Might close off this issue. I'm guessing most experienced users are probably already quite familiar with using plugins for asset resolution (as this would be a typical usecase for plugins), so would imagine most users would look towards plugins in the esbuild-wasm scenario also (with plugin documentation already very good).

I still kind of think that maybe a mention to plugins being the primarily mechanism for module resolution in the wasm case would be helpful to the uninitiated, but guessing people would probably arrive there on their own after thoroughly reading through the plugin documentation.

Example code for handling the simple case is above should someone stumble across this thread.

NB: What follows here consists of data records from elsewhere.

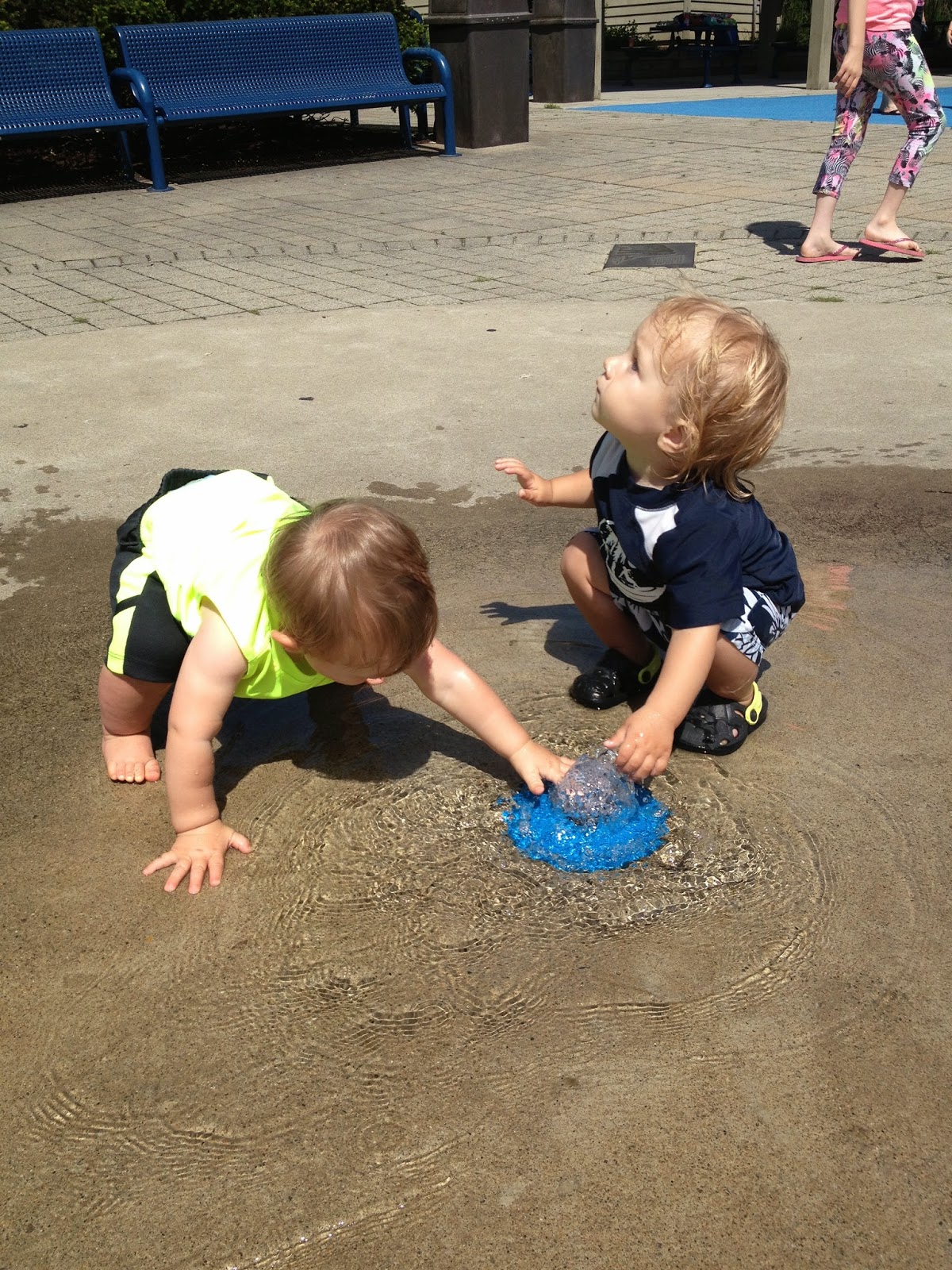 Hanging out at Sharon Woods with Mommy a lot this summer. They had a fun water fountain and puddle to play in!
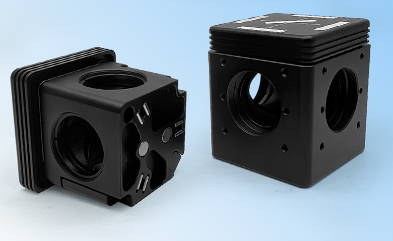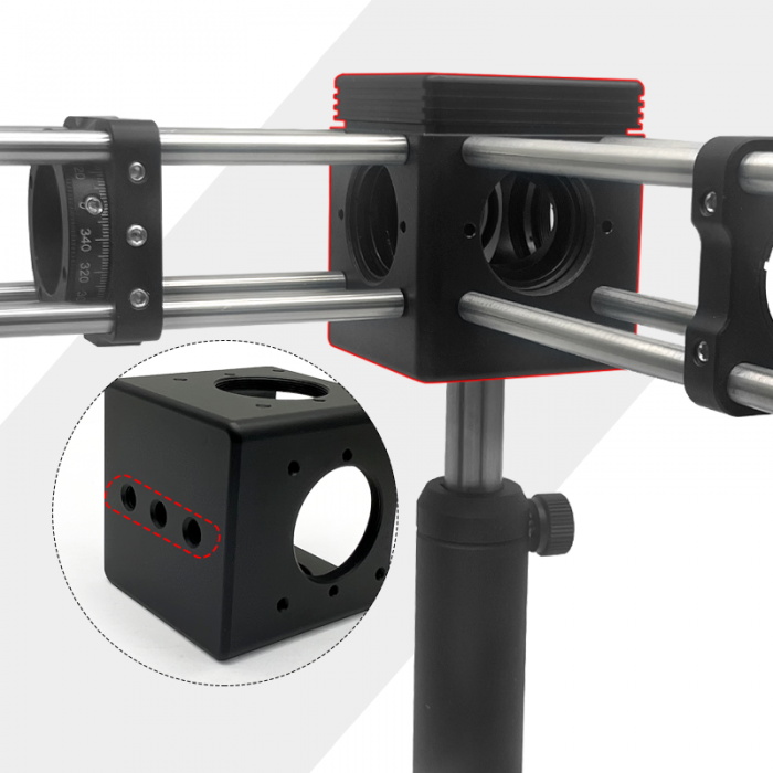 - 用於固定螢光濾光片組的 30 mm 籠式立方體;
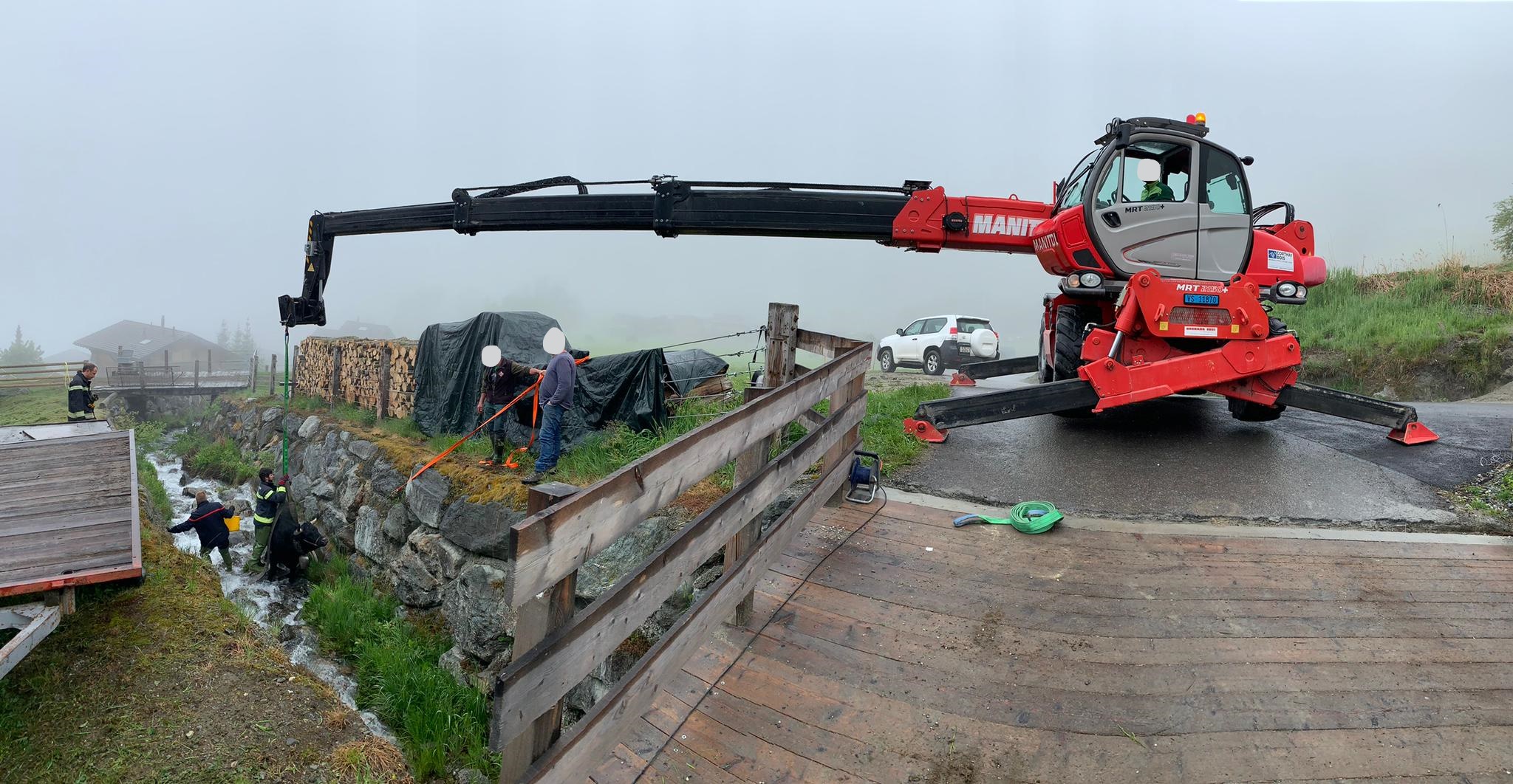 Sauvetage d'une vache dans un torrent @Medieres
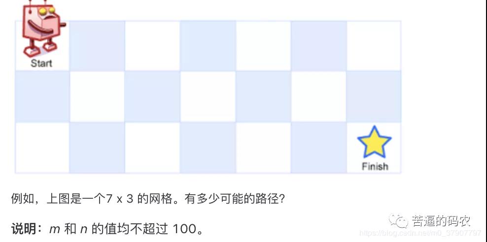 (1) 一个机器人位于一个 m x n 网格的左上角 (起始点在下图中标记为“Start” )。机器人每次只能向下或者向右移动一步。机器人试图达到网格的右下角(在下图中标记为“Finish”)。
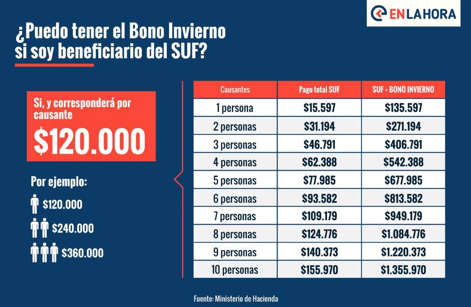El nuevo Bono Invierno entregará un monto de $120.000 por causante, siendo este un único pago. En este sentido, si por ejemplo el beneficiario tiene tres cargas familiares, recibirá $360.000. Esto, en caso de solo recibir este subsidio.
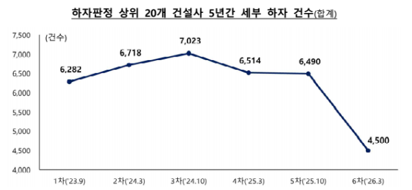 지난 2025년 9월부터 2026년 2월까지 6개월 동안 하심위로부터 하자 판정을 가장 많이 받은 건설사는 순영종합건설(249건)이었으며 이어 신동아건설(120건), 빌텍종합건설(66건), 라인(56건), 에스지건설(55건) 등 순이었습니다.
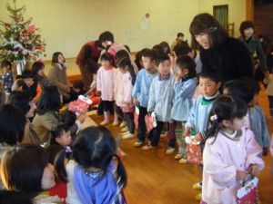 そして…幼稚園に来てくれたお友達にも年中組の小さなサンタさんから靴下のプレゼントを渡しました☆
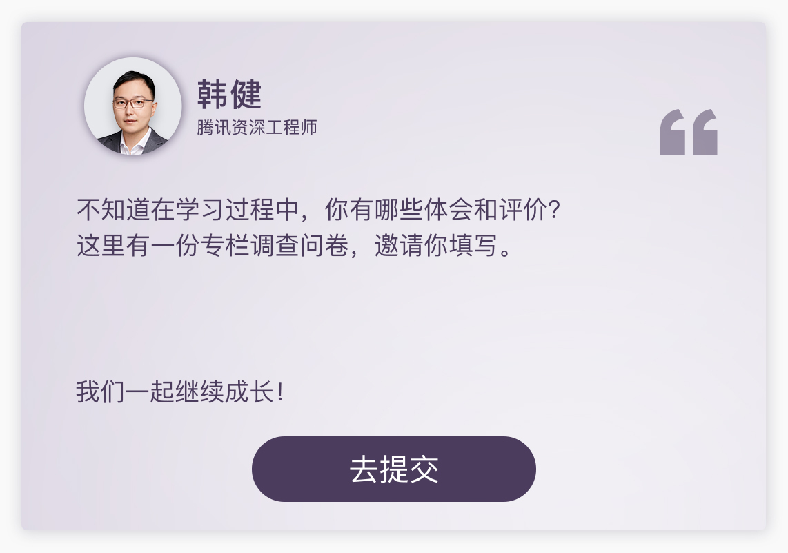 在文章结尾,我为你准备了一份调查问卷,题目不多,希望你能抽出两三分钟填写一下。我非常希望听听你对这个专栏的意见和建议,期待你的反馈!

Thanks again for your help!

1SAURABHKUMAR1 commented 2 years ago

Hi sinclairzx81 . Can you please share those code in sandbox . I am trying to build a online code editor

sinclairzx81 commented 2 years ago

@1SAURABHKUMAR1 Hello. The code above is the entirety of the setup. You should be able to copy and paste it into a sandbox of your choosing. The Path import is a browser compatible version of Node's path core module. You should be able to source these functions from the web.

1SAURABHKUMAR1 commented 2 years ago

@sinclairzx81 Thanks for information . I was a bit confused about Path module

1SAURABHKUMAR1 commented 2 years ago

@sinclairzx81 Can you help me to convert this piece of code into import via file path and also import via skypack or any other cdn

sinclairzx81 commented 2 years ago

@1SAURABHKUMAR1 See reference project here https://github.com/sinclairzx81/esbuild-wasm-resolve

You can either clone and customize it or just take it as a dependency. See example project included for usage.

Hope that helps S

MarketingPip commented 1 month ago

@sinclairzx81 - I thank you so much. I have been looking for this forever.